Sexless in the City

Sometimes reading romance novels doesn’t quite prepare you for a love life...

For this 30-year-old urbanite, love is always a misadventure: The Harvard Lickwit, Hippie the Groper, the 5% Man, and the Ad Weasel. These and many other men wander in and out of her life — but never her bed.

Friday, June 23, 2006

Taking a risk on jazz

For how particular I can be about music, you’d think it’s the last thing I’d take risks on. But somehow, most times I buy something yet unheard or make a similar gamble, I make out just fine. When, for instance, a friend offered to take me to hear this new singer called Norah, it turned out my girlfriends’ insistence I should go was dead on.

A similar thing happened maybe two or three weeks ago, at the post office. I know, doesn’t; sound like a glam meeting place, right? And the catchiest soundtrack you’re likely to hear is the ring tone of someone who’s secretly fond of salsa. But that night I was in luck.

I’d stopped by after hours to mail a CD from my barter bin swap, but someone was already stationed at the AutoPost center. Not until he offered to let me go ahead did I realize how much he was mailing. Piles and piles of Uline bags, all strangely close in shape to mine. And when I saw he was mailing some to people in Palo Alto, it was all I could do not to swoon right there on the spot (fond memories of falling down stairs, and all that).

Somehow or other, I managed to dredge up an opening line. Yes, he was in a band.

I rattled on about band friends about of mine — none of whom he’d heard of.

Then something inspired me to drop another kind of name — my editor friend at Paste magazine. “I’d be happy to send your CD to him,” I offered. Which, truthfully, was not the pick-up line it might have sounded like — despite the chance to hand off one of my business cards. Even that sometime, sorta-prospect Tall Drink o’ Water ain’t made it out of reply-to hell yet. He emailed me two months ago, but I still haven’t written back though he now brings it up every Sunday. (Can a girl tastefully mention she’s trying to break her habit of simply using men for attention?)

This time, however, my motives were strictly generous — and dependent on a stranger’s uncertain promise to send me his album. When you’ve been under- or unemployed nearly two years and mingle in several different social scenes, you give out a lot of business cards. But unless you email the people you meet yourself, the response rate is usually pretty dismal.

Off I went, Band Guy soon forgotten, and my card probably fated much the same. Or so I thought.

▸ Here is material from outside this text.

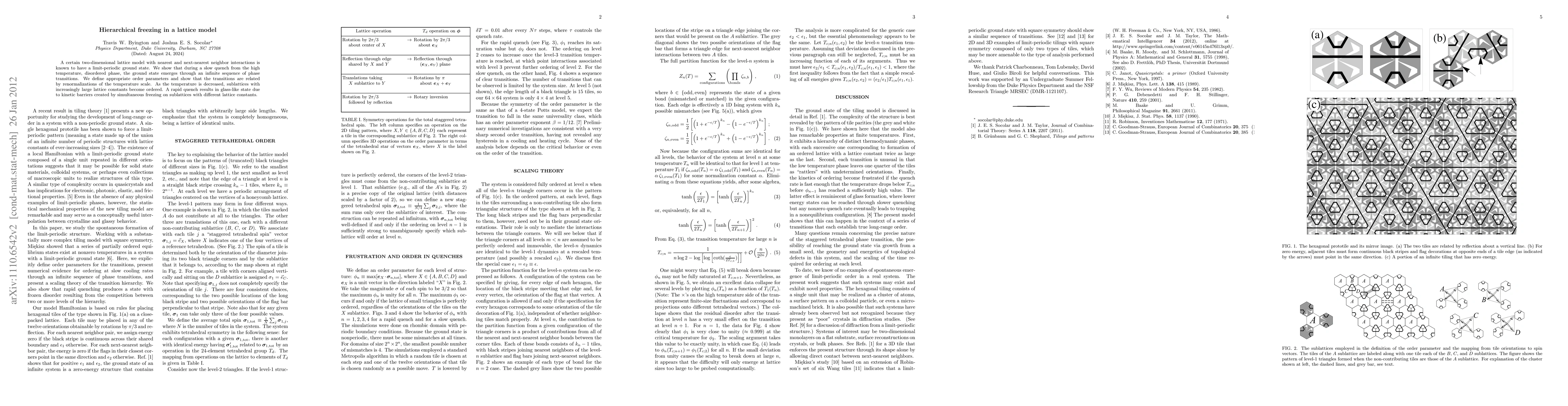 A certain two-dimensional lattice model with nearest and next-nearest neighbor interactions is known to have a limit-periodic ground state. We show that during a slow quench from the high temperature, disordered phase, the ground state emerges through an infinite sequence of phase transitions. We define appropriate order parameters and show that the transitions are related by renormalizations of the temperature scale. As the temperature is decreased, sublattices with increasingly large lattice constants become ordered. A rapid quench results in glass-like state due to kinetic barriers created by simultaneous freezing on sublattices with different lattice constants.

But then a few days later, what should I find in my mail but a package with two CDs — one for me, one for Friend-at-Paste. Band Guy had better follow-through than I’d figured on. So what about the music?

He’d said it was some kind of “boogaloo” jazz, which could be good or mean nothing. His band isn’t with any label, but the CD jacket had a snazzy design. And if phone voices tend to indicate looks, I like to think product design can sometimes portend well of the contents. Flip open the jacket. Nothing much inside the one-fold card, but a picture of the band, somewhat badly photographed on a staircase. Huh. Guess boogaloo takes lots of folks to make!

But just as I’m starting to refold the liner, I notice a female face in the crowd. Wait a minute ... Is that ... Flip to backside again.

And that’s when I notice a credit for El Madmo. While I can’t promise you said “punk” act will show up at the CD release party, which is tomorrow night at Detour ($5 cover), I can tell you the CD is great. Check out several tracks on MySpace, or just risk it and buy the dang album. Or come out to Detour and give the band a listen live! You won’t be disappointed.